We need to explore some “properties” to simplify the process.

Code:

class Solution {
    public boolean isMatch(String ss, String pp) {
        // Trick: Insert a space in the header of the character to get a char array that starts at 1 and makes f[0][0] = true, which can be rolled down
        int n = ss.length(), m = pp.length();
        ss = "" + ss;
        pp = "" + pp;
        char[] s = ss.toCharArray();
        char[] p = pp.toCharArray();
        // f(I,j) indicates whether characters 1 to I in s and 1 to j in p match
        boolean[][] f = new boolean[n + 1][m + 1];
        f[0] [0] = true;
        for (int i = 0; i <= n; i++) {
            for (int j = 1; j <= m; j++) {
                // If the next character is '*', the current character cannot be used alone, skip
                if (j + 1 <= m && p[j + 1] = =The '*') continue;
                
                // p[j] is a normal character
                if (i - 1> =0&& p[j] ! =The '*') {
                    f[i][j] = f[i - 1][j - 1] && (s[i] == p[j] || p[j] == '. ');
                } 
                
                P [j] = '*'
                else if (p[j] == The '*') {
                    f[i][j] = (j - 2> =0 && f[i][j - 2]) || (i - 1> =0 && f[i - 1][j] && (s[i] == p[j - 1] || p[j - 1] = ='. ')); }}}returnf[n][m]; }}Copy the code
  • Time complexity: n represents the length of S, m represents the length of P, and a total of N ∗mn * mn∗m states.
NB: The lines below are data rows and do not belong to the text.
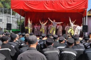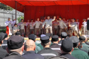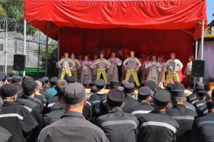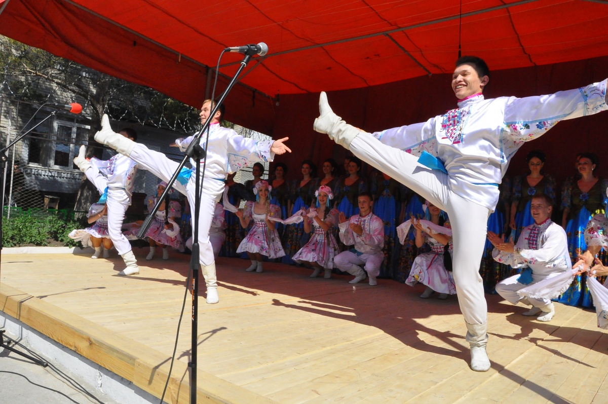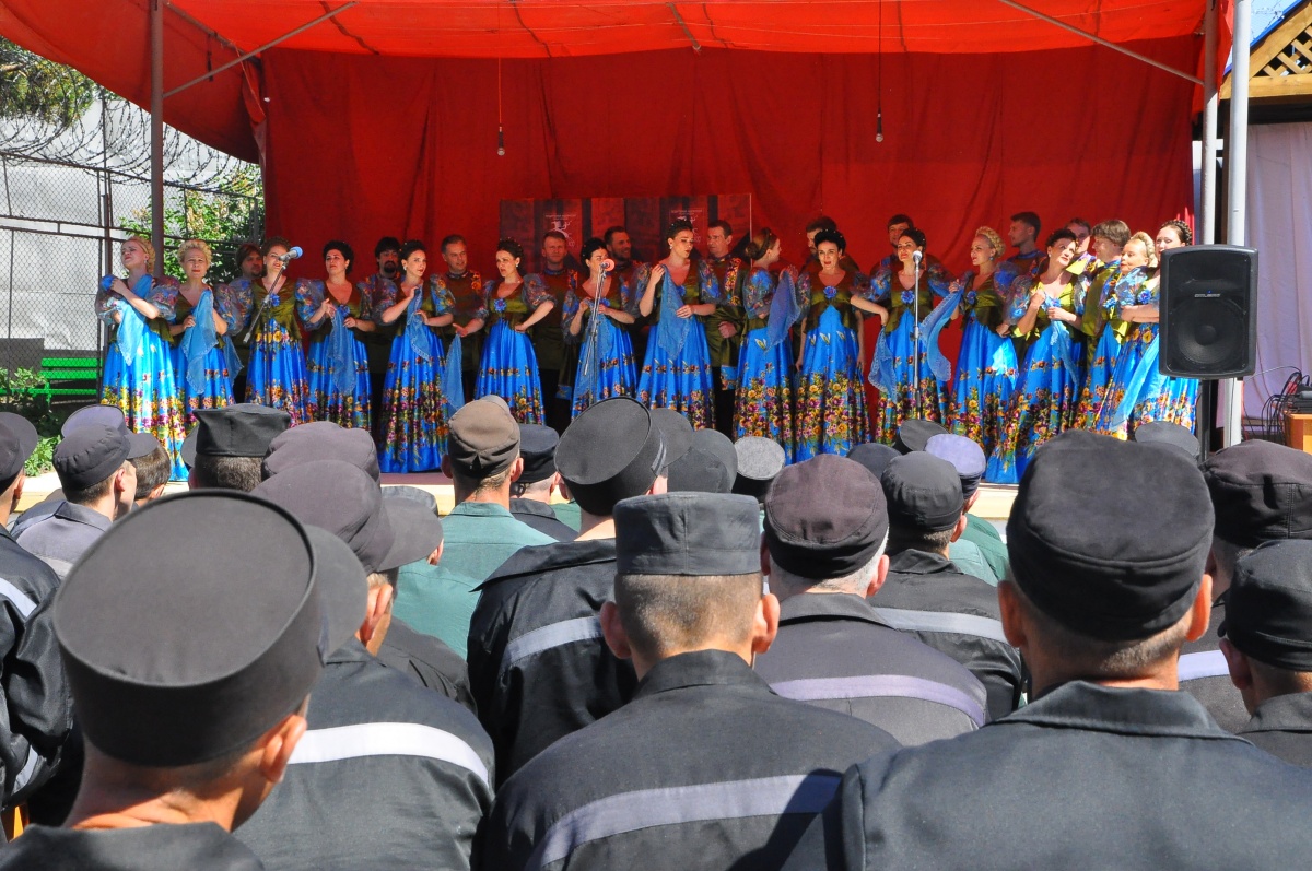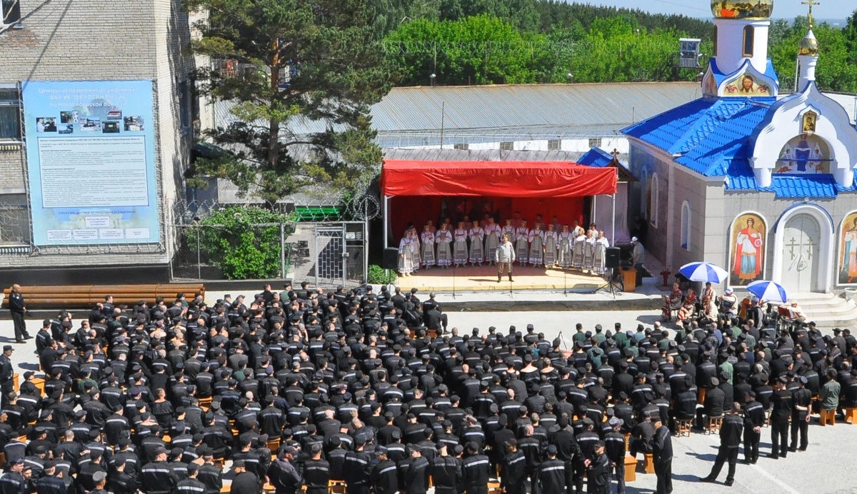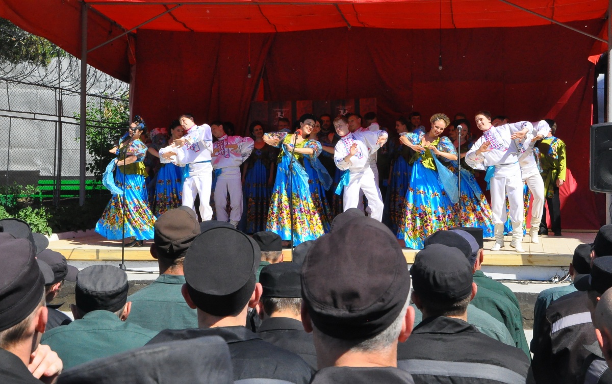 День России в колонии № 18 (+ фоторепортаж)В исправительной колонии строгого режима №18, выступил Государственный академический Сибирский русский народный хор. Коллектив выступает в колонии уже во второй раз. В 2015г., хор принимал участие в благотворительной акции «Давайте улыбнемся!». Директор Сибирского хора, заслуженный работник культуры РФ - Екатерина Федоровна Ковалева- человек талантливый, и неравнодушный. В прошлом году, после концерта, со сцены пообещала зрителям, что коллектив приедет с новой программой еще раз и слово сдержала. Коллектив, полным составом приехал! И блистательно выступил перед осужденными. Концерт проходил на открытой площадке, специально построенной сцене. На плацу разместилось более трехсот зрителей, несколько отрядов, смотрели концерт из окон своих бараков, остальные смогли увидеть концерт по местному кабельному телевидению. Яркий, наполненный жизнью, светом, радостью концерт, был приурочен к празднованию Дня России, поэтому в репертуаре прозвучало много патриотических песен. И все они были пронизаны любовью к дому, к жизни, любовью к Родине! Государственный академический Сибирский русский народный хор является одним из ведущих профессиональных коллективов русской традиционной культуры России. В его состав входит 80 профессиональных артистов. 40 артистов - вокалистов со специальным профессиональным образованием, 24-танцора балета, работают в жанре русского традиционного искусства, используя достижения современной хореографии и 16 музыкантов в оркестре, помимо аккомпанирующей роли, исполняют отдельные концертные программы. Коллектив был создан в преддверии Победы Советского народа над фашистской Германией 19 апреля 1944 года, как Сибирский Ансамбль песни и пляски. Основатель и первый художественный руководитель Николай Петрович Корольков, 1944-1953г.г. В 2014 году, творческий коллектив вошел в состав Союза российских национальных (народных) профессиональных творческих коллективов России. Как говорит Екатерина Ковалева: « Мы делаем русское традиционное искусство модным, интересным и престижным, сохраняя его самобытность, создавая высокохудожественный конкурентоспособный творческий продукт, адаптированный к сознанию современного зрителя. В апреле этого года состоялась премьера программы «Сердцем наполненный взгляд..», в основе которой лежит творчество великого русского поэта Сергея Есенина. Мы не могли не поделиться своим творческим успехом с осужденными. Концерт в честь Дня России – не случаен. Искусство культивирует духовность – основополагающую суть нашей нации. Коллектив хочет знакомить осужденных с русским национальным искусством, потому что оно очень мотивационно. Это вековое искусство, оно нравственно и заставляет задуматься об оценке собственных действий, мотивирует к пониманию того, что такое мир и, что ты должен сделать для этого мира. Мы хотим напомнить им, что за колючей проволокой есть жизнь – яркая и эмоционально сильная. Мы должны гордиться своей страной и сохранять национальное культурное наследие!» Выступление Сибирского хора, как и в прошлом году, прошло с большим успехом и при полном аншлаге. По милости Божией, на территории колонии №18, руками осужденных, построен прекрасный Храм Владимирской иконы Божией Матери. И даже, те, кто еще не посещает богослужения, каждый д
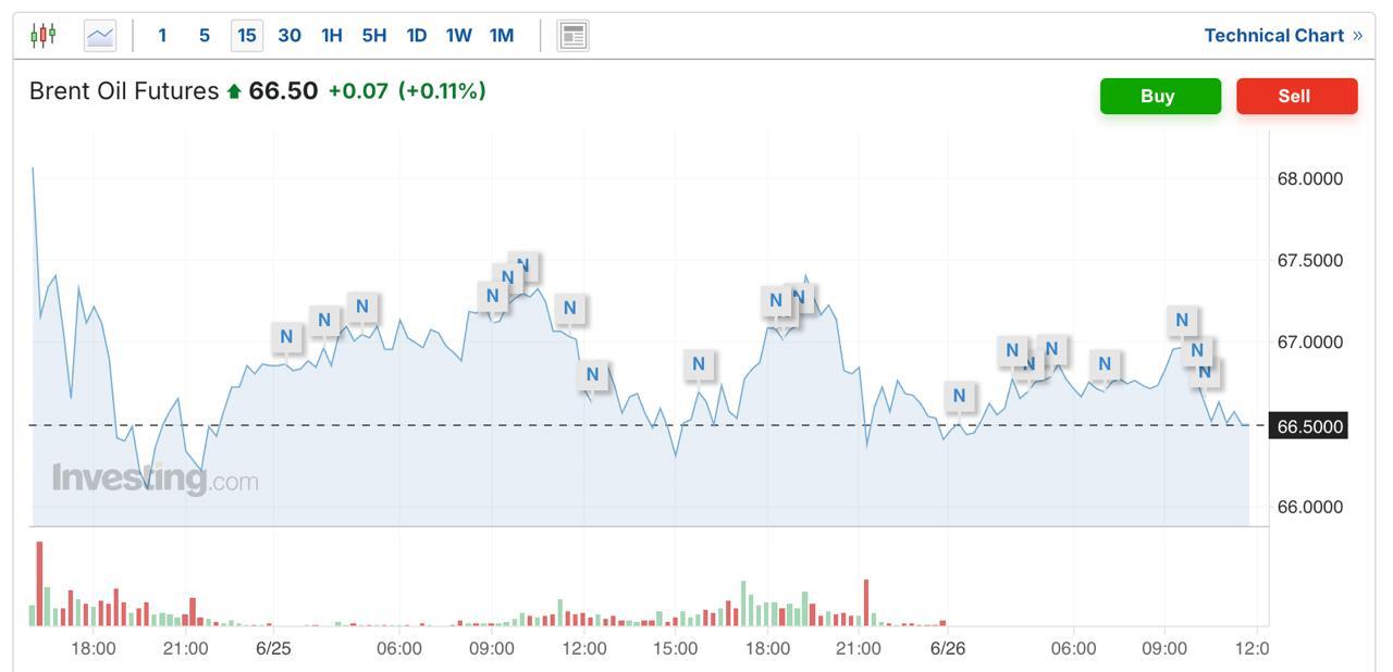 В данный момент Brent снизилась до 66,5 долларов за баррель.
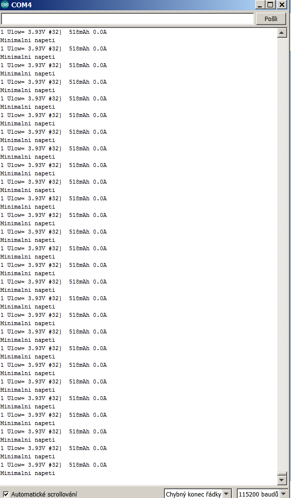 v tom výpisu je vlastně dvouřádkovej výpis telemetrí. Za 1 je první řádek, za 2 je druhý řádek. Pak tam je zkušební rozeznání hlášky Ulow.
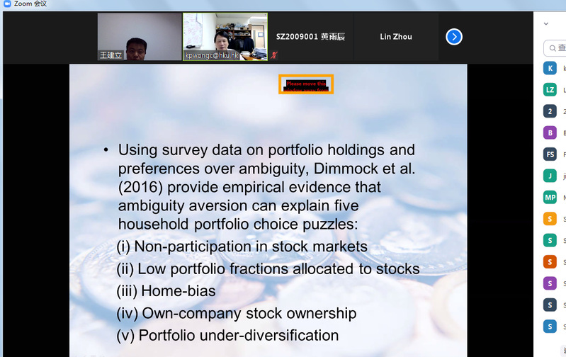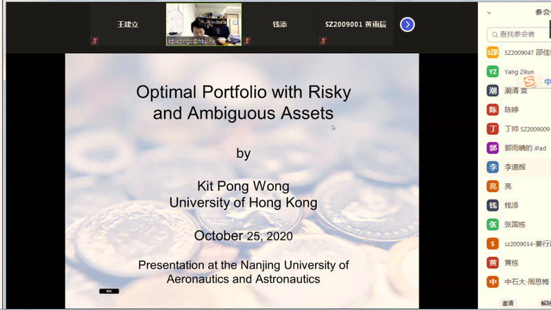 10月25日,香港大学教授Kit Pong Wong应女优飞机杯 金融研究所邀请,在线上为我校师生作了一场题为“Optimal Portfolios with Risky and Ambiguous Assets”的精彩学术讲座。讲座由金融研究所所长王建立主持。教授袁潮清、副教授桑秀芝、陆珩瑱、苏飞等教师及部分硕、博研究生参加了本次学术交流。
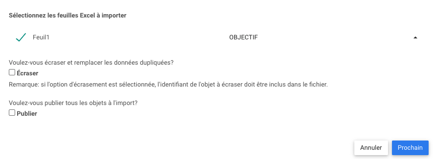 3. Une fois que vous avez téléchargé votre fichier, vous serez invité à sélectionner les feuilles du fichier Excel que vous souhaitez importer. Après avoir sélectionné une feuille, attribuez un objet racine dans la liste déroulante adjacente. Indiquez si vous souhaitez écraser le contenu et le publier lors de l’importation. Cliquez sur Suivant.
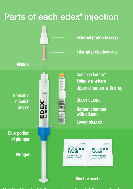 edex® is a penile injection used to treat erectile dysfunction (ED) caused by conditions affecting nerves, blood vessels, emotions, and/or a combination of factors.
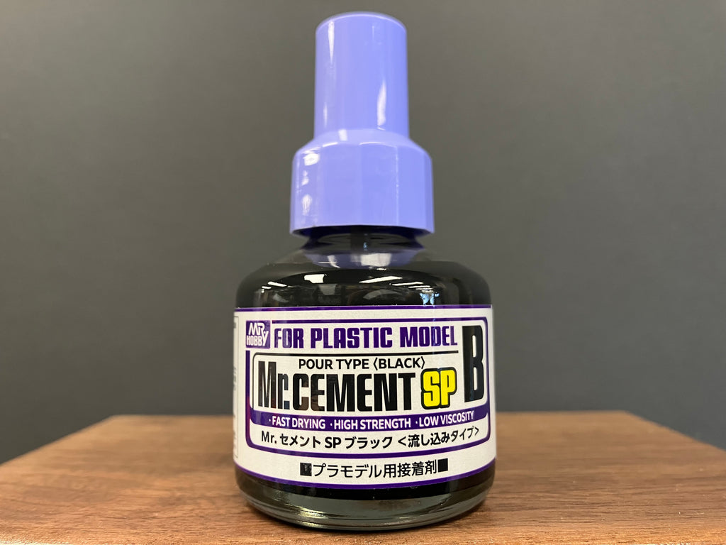 Mr. Cement SP (Super Power), a fast-drying, strong pour type adhesive for polystyrene (PS/polystyrene) resin, is now available in black!
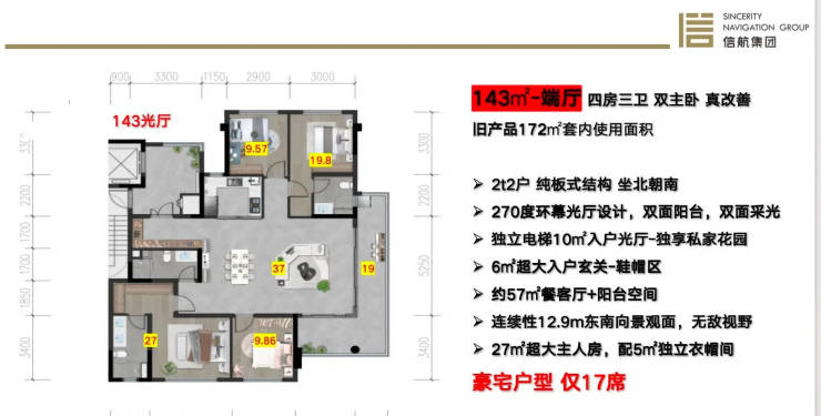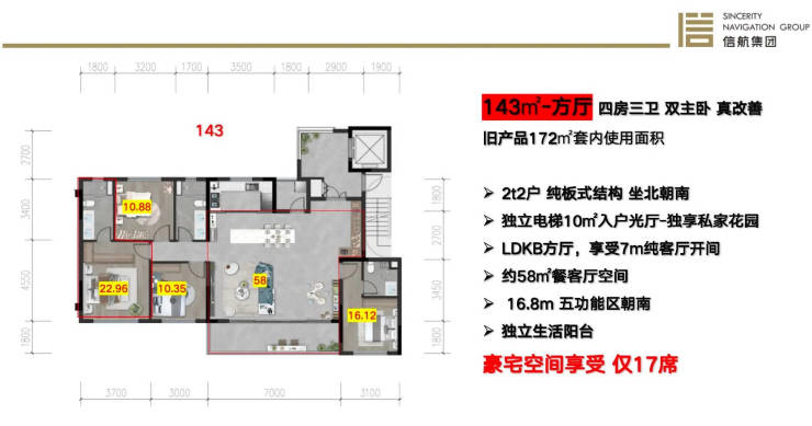 143㎡四居:城北独家LDKB方厅设计,153㎡实得面积含79㎡餐客厅(阳台联通后)
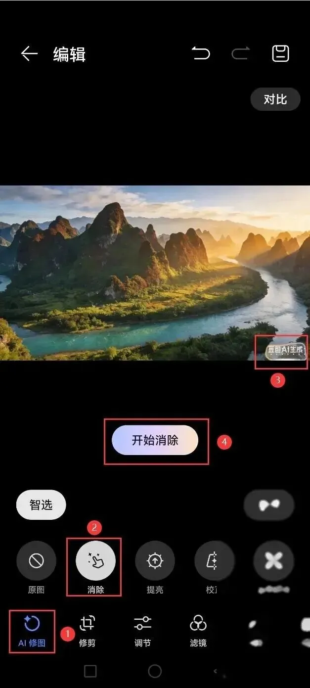 进入手机相册,选中图片后点编辑,再找AI修图或者消除功能。
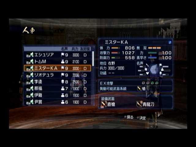 ここはMyエディットからの選りすぐりを選ぶしかありません。ただ一般武将がチョウメイさんだけというのが何とも@@;
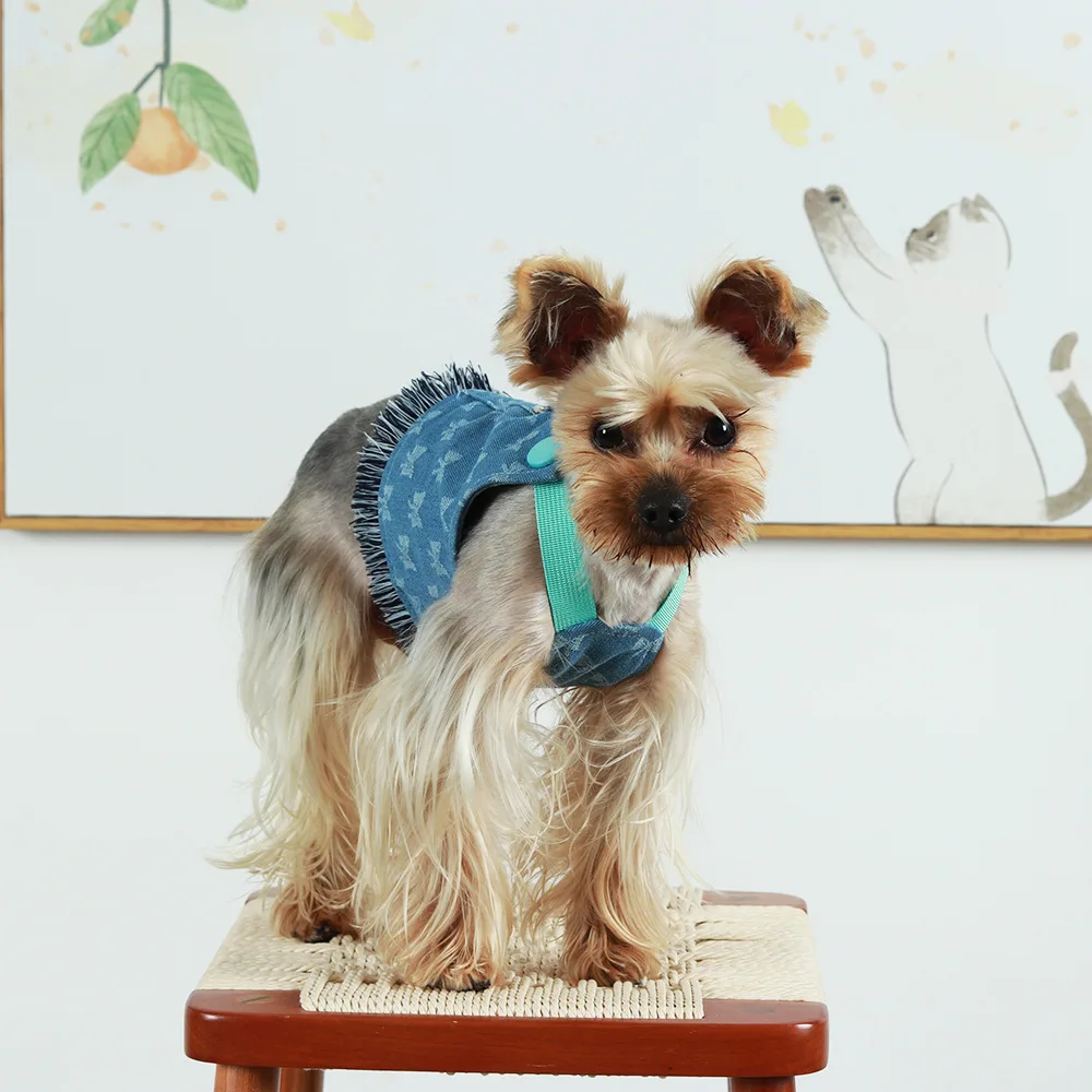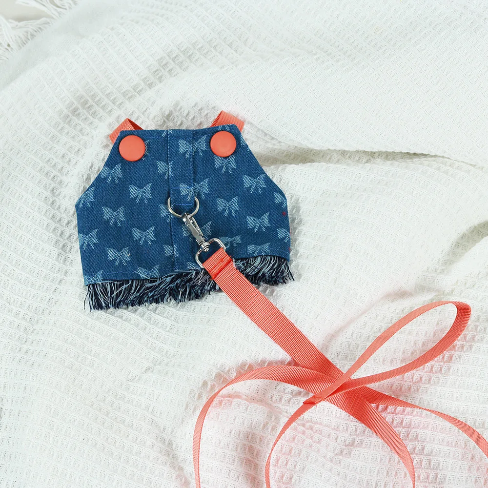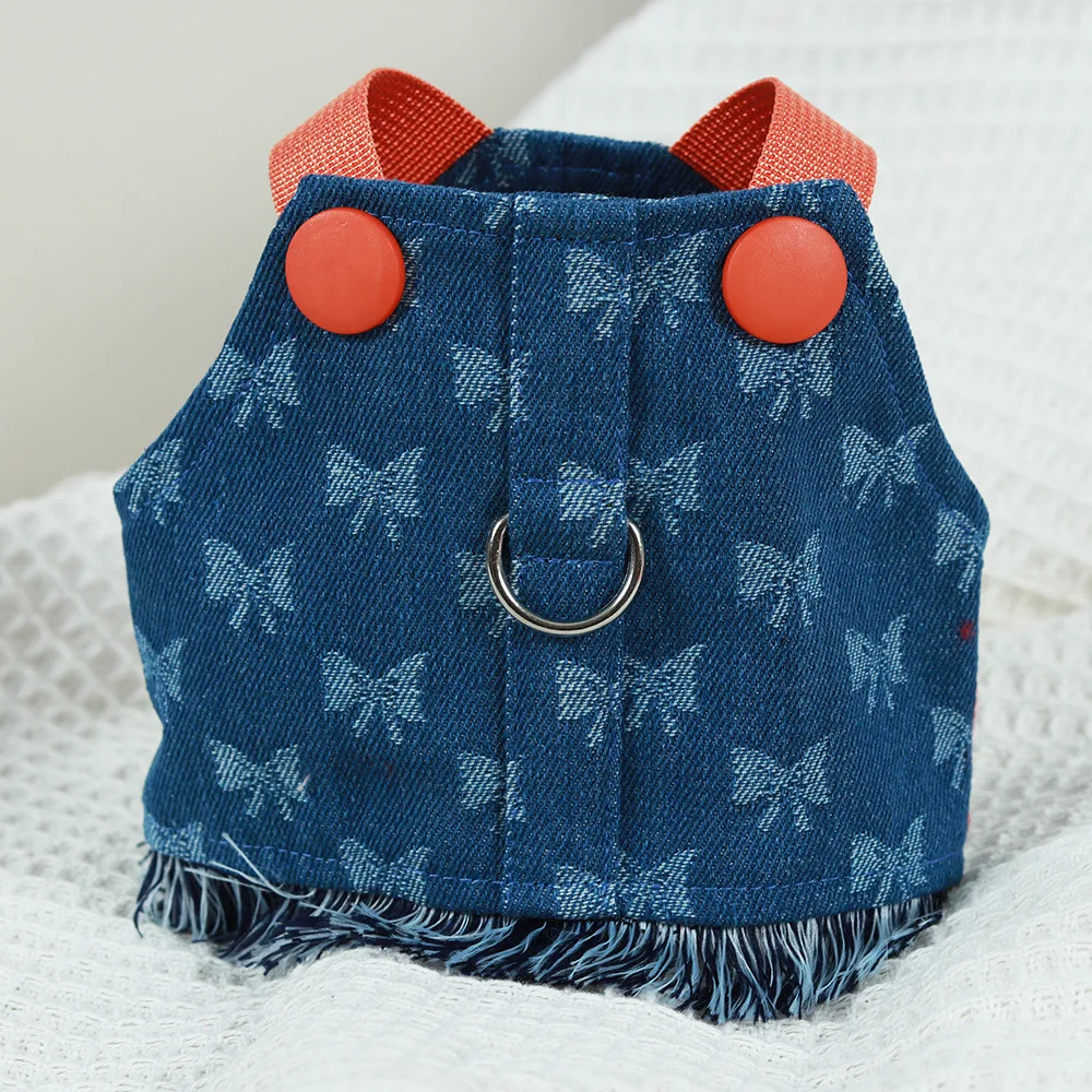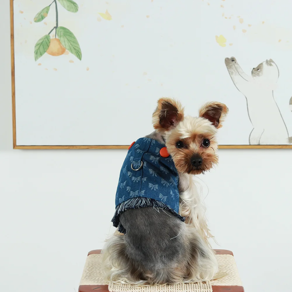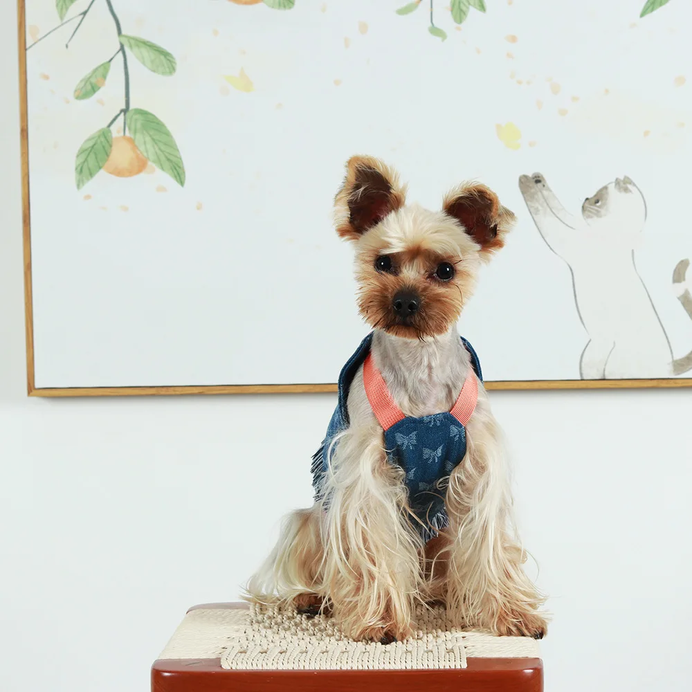Nuevo Juego de arnés y correa para perros pequeños, chaleco vaquero lavado oscuro para cachorros, arnés con borlas, pantalones vaqueros para mascotas, arnés de mariposa

The complexity is O(n∗m)O(n * m)O(n∗m)
  • Spatial complexity: Two dimensional arrays are used to record results. The complexity is O(n∗m)O(n * m)O(n∗m)

Dynamic programming is essentially enumeration (non-repeating violence enumeration), so its complexity is easy to analyze, as many states are computed as many times.


The last

This is the 10th article in our “Brush through LeetCode” series, which started on 2021/01/01. There are 1916 topics in LeetCode as of the start date, some of which have locks. We will finish all the topics without locks first.

In this series of articles, in addition to explaining how to solve the problem, I will also present the most concise code possible. If a general solution is involved, the corresponding code template will also be used.

In order to facilitate the students to debug and submit the code on the computer, I set up the relevant warehouse: github.com/SharingSour…

In the repository, you’ll see links to the series of articles, the corresponding code for the series of articles, the LeetCode source links, and other preferred solutions.